[Records shown]

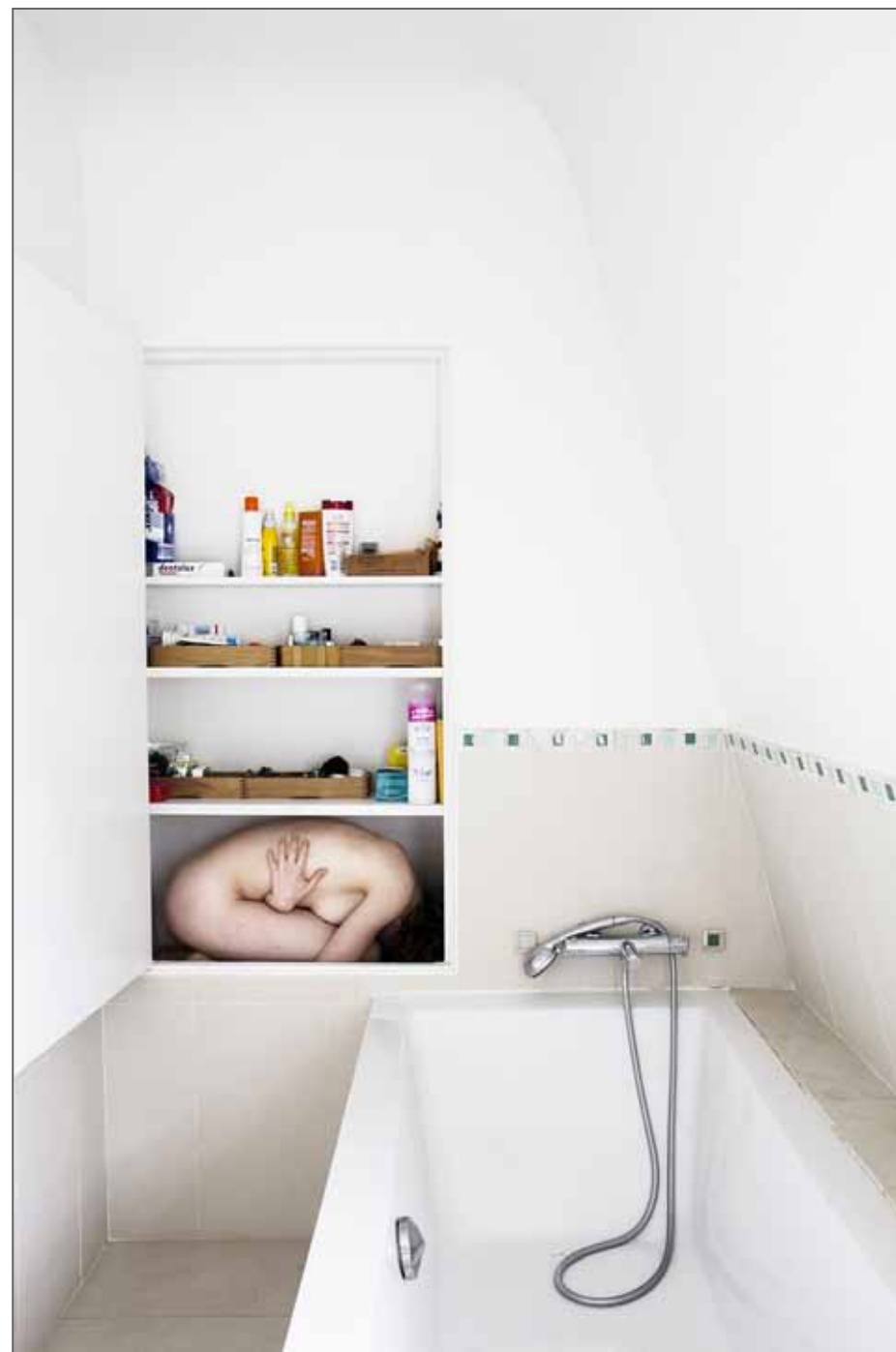
Série L'élément du décor

Lauréate du Grand Prix Paris Match Photo Reportage Étudiant 2016, Prix spécial du Jury, Clémence Losfeld est membre du studio Hans Lucas depuis octobre 2016.
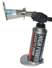
② キャラメライザー SCT-530CZ
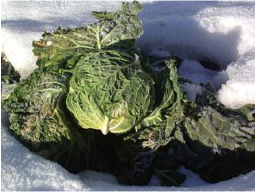
Cavolo verza ben conservato nella neve.

Le irrigazioni, mai troppo abbondanti, possono essere eseguite per aspersione ad inizio coltura e preferibilmente per scorrimento al momento della formazione delle teste. Quando queste hanno raggiunto una buona compattezza, le irrigazioni troppo abbondanti possono provocarne la spaccatura. Per garantire un buon dosaggio dell'acqua è preferibile adottare i sistemi di microirrigazione come il gocciola a gocciola durante l'intero periodo vegetativo.

[/Records shown]

▸ **Directions for this task**
Once the line with "Cavolo verza ben conservato nella neve." is found, transcribe it and each line after it through the final line of the entries, exactly and only.

▸ **Task answer**
Cavolo verza ben conservato nella neve.

Le irrigazioni, mai troppo abbondanti, possono essere eseguite per aspersione ad inizio coltura e preferibilmente per scorrimento al momento della formazione delle teste. Quando queste hanno raggiunto una buona compattezza, le irrigazioni troppo abbondanti possono provocarne la spaccatura. Per garantire un buon dosaggio dell'acqua è preferibile adottare i sistemi di microirrigazione come il gocciola a gocciola durante l'intero periodo vegetativo.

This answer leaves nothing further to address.